The lines from the one containing "接待大厅的梁柱设计,由传统镬" through the final line of the listing below are what the answer must repeat, exactly and only, leaving pictures out.
:: DATASET EXTRACT
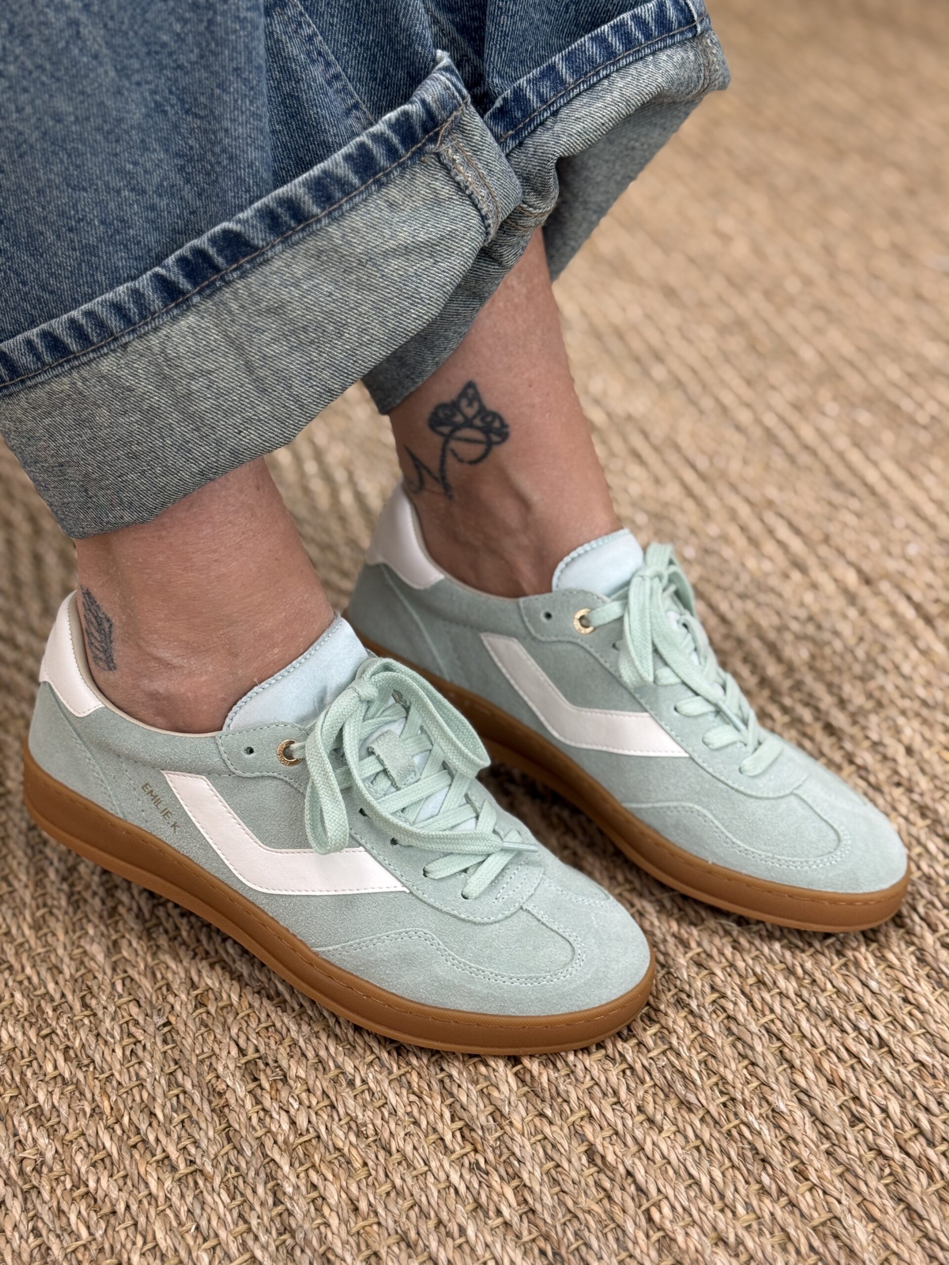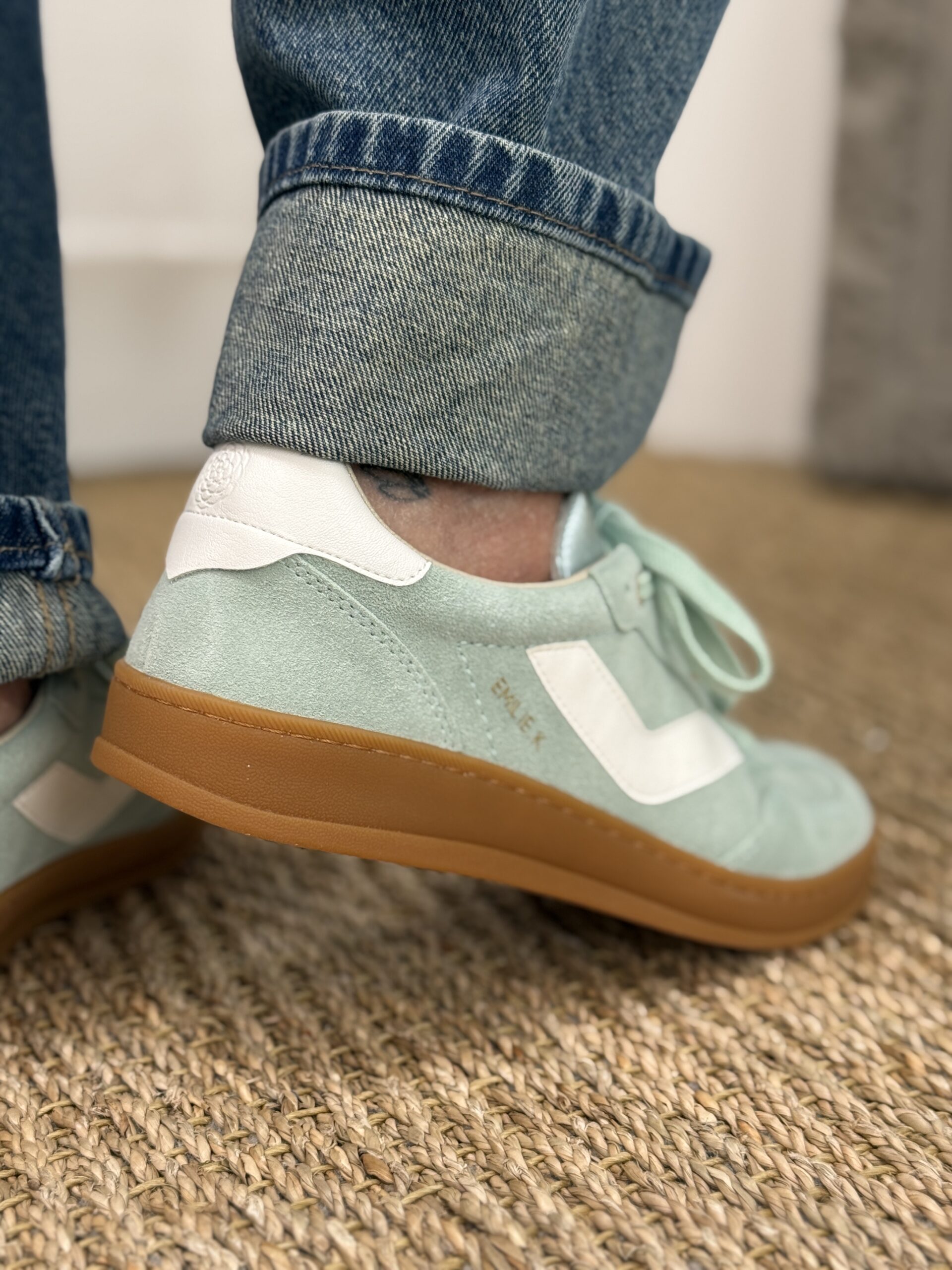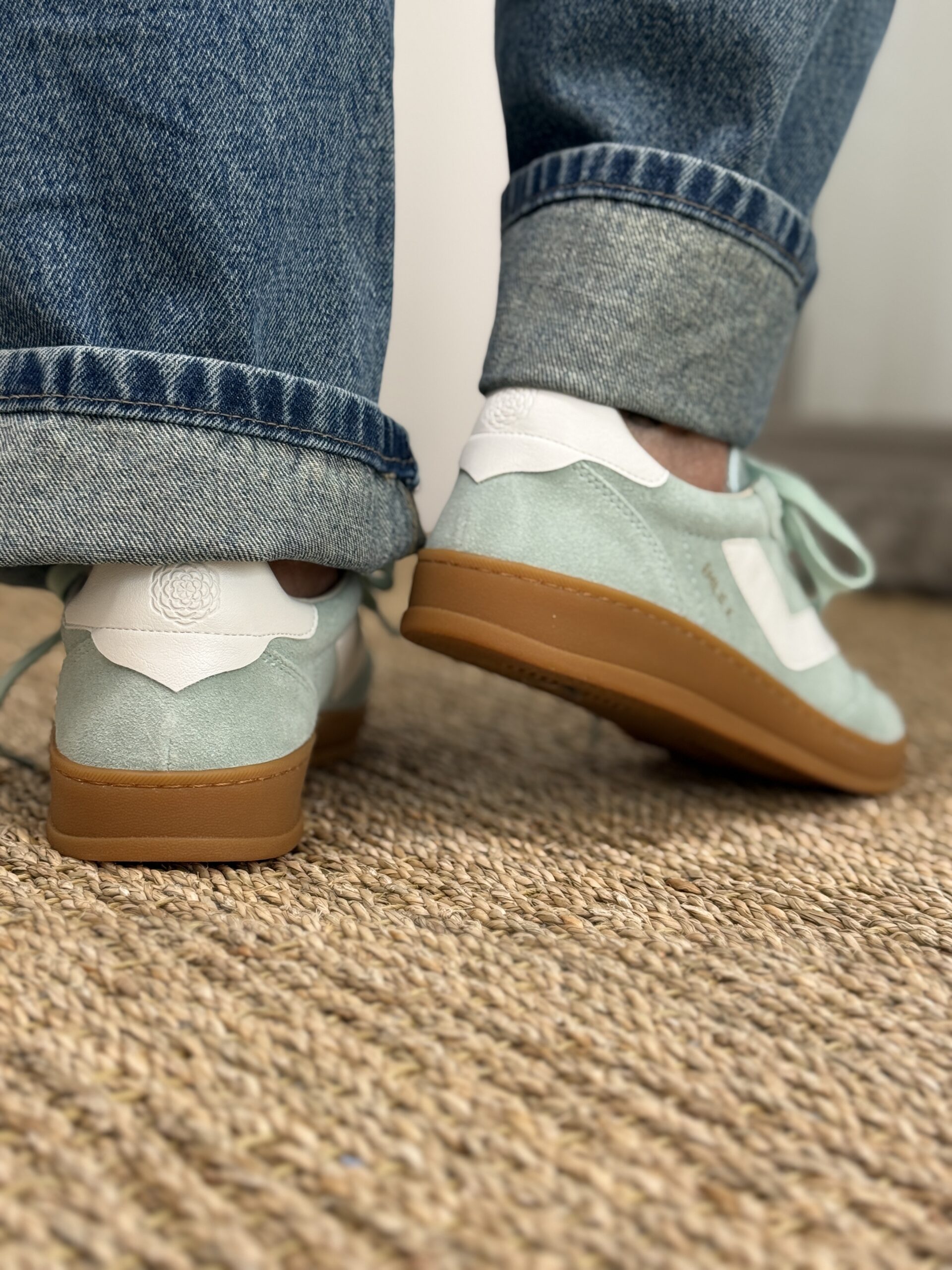 Une basket minimaliste et élégante en suède vert pastel, relevée par un empiècement blanc et une semelle gomme.Un design doux et moderne, parfait pour un style casual chic au quotidien.
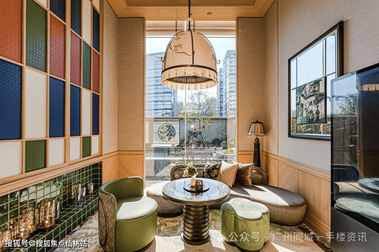 接待大厅的梁柱设计,由传统镬耳屋拱券演变而来;水吧区背景墙,采用岭南花窗框架;会客区的茶桌也是一处空间亮点,把园林古建筑的螺钿工艺融入现代家居。
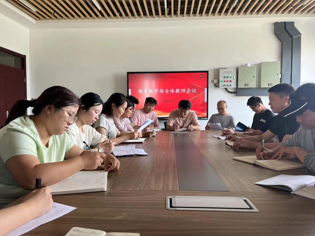 为进一步做好期末体育教学管理工作,落实学院高质量、高标准的教学精神,确保期末教学工作的有序进行。6月12日上午9点,体育教学部在体育馆二楼会议室召开全体教师会议,对本学期体育教学工作进行了深入总结和期末工作的详细安排,体育教学部全体教师参加了本次会议。体育教学部党支部书记、主任张瑞全主持会议并讲话。
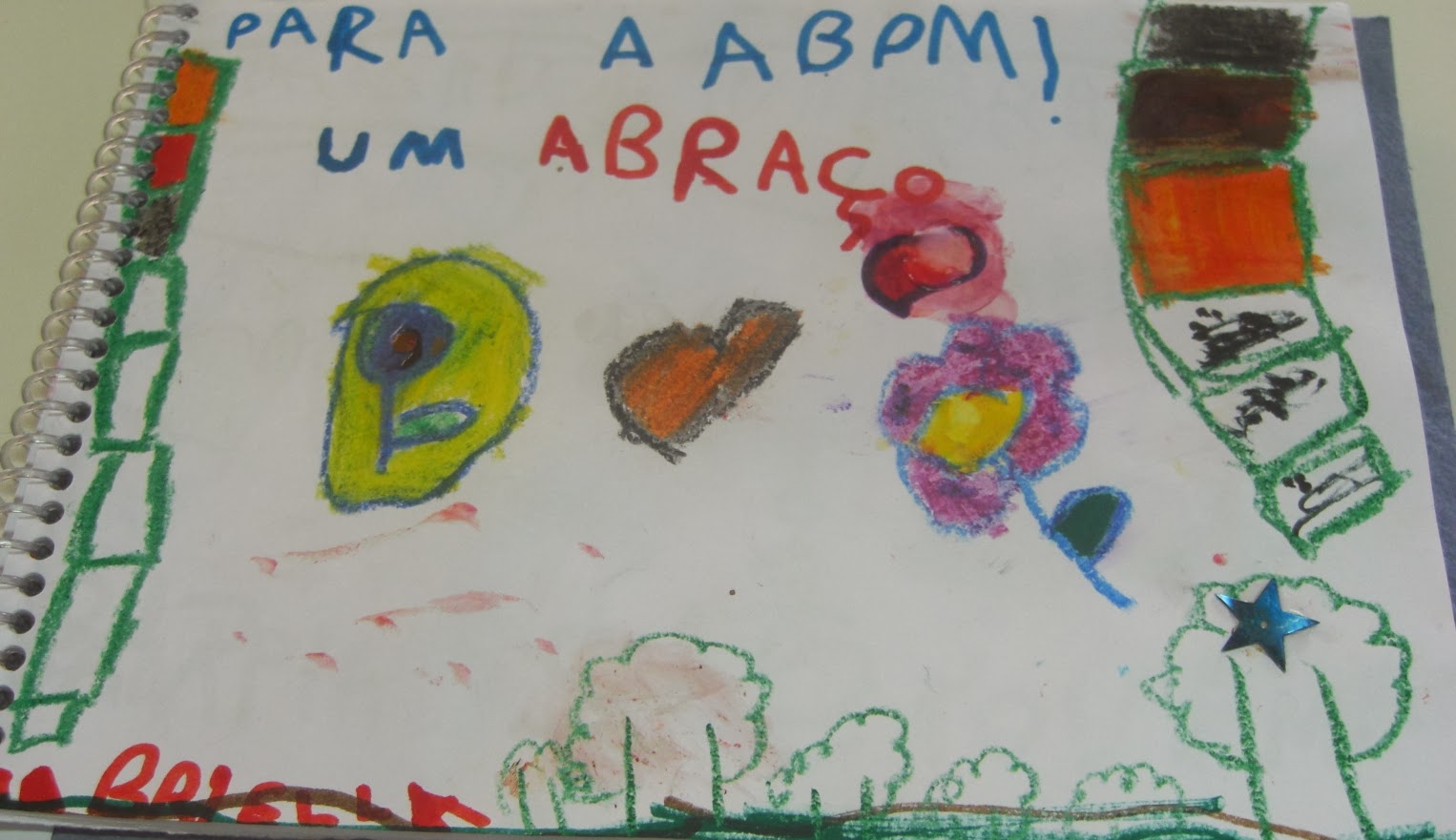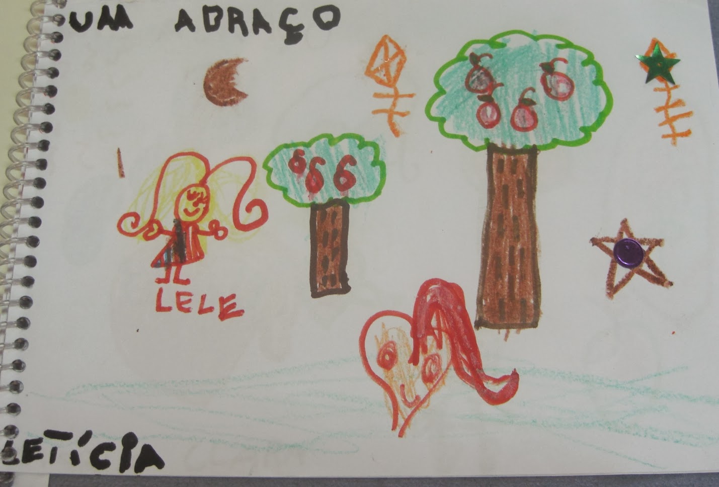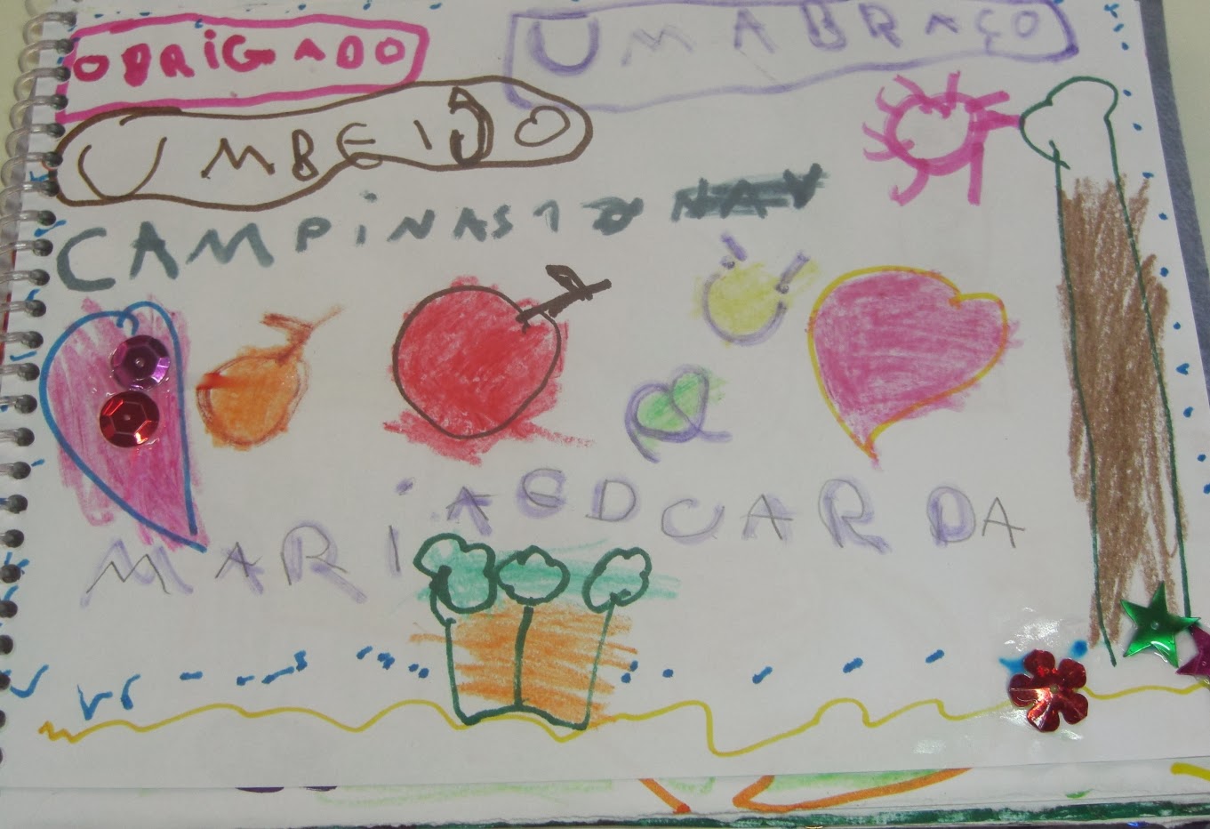 Essa semana recebemos o presente muito especial da Turma da Maçã (leia mais aqui). No pacote encontramos um livro com desenhos feitos pelos alunos com agradecimentos, beijos e abraços. Cada desenho nos encantou por um detalhe diferente e ficamos muito surpresos com tamanho gesto de carinho… Seguem abaixo os desenhos produzidos por eles:
::::
◆ **OUTPUT OF THE EXERCISE**
 接待大厅的梁柱设计,由传统镬耳屋拱券演变而来;水吧区背景墙,采用岭南花窗框架;会客区的茶桌也是一处空间亮点,把园林古建筑的螺钿工艺融入现代家居。
 为进一步做好期末体育教学管理工作,落实学院高质量、高标准的教学精神,确保期末教学工作的有序进行。6月12日上午9点,体育教学部在体育馆二楼会议室召开全体教师会议,对本学期体育教学工作进行了深入总结和期末工作的详细安排,体育教学部全体教师参加了本次会议。体育教学部党支部书记、主任张瑞全主持会议并讲话。
 Essa semana recebemos o presente muito especial da Turma da Maçã (leia mais aqui). No pacote encontramos um livro com desenhos feitos pelos alunos com agradecimentos, beijos e abraços. Cada desenho nos encantou por um detalhe diferente e ficamos muito surpresos com tamanho gesto de carinho… Seguem abaixo os desenhos produzidos por eles:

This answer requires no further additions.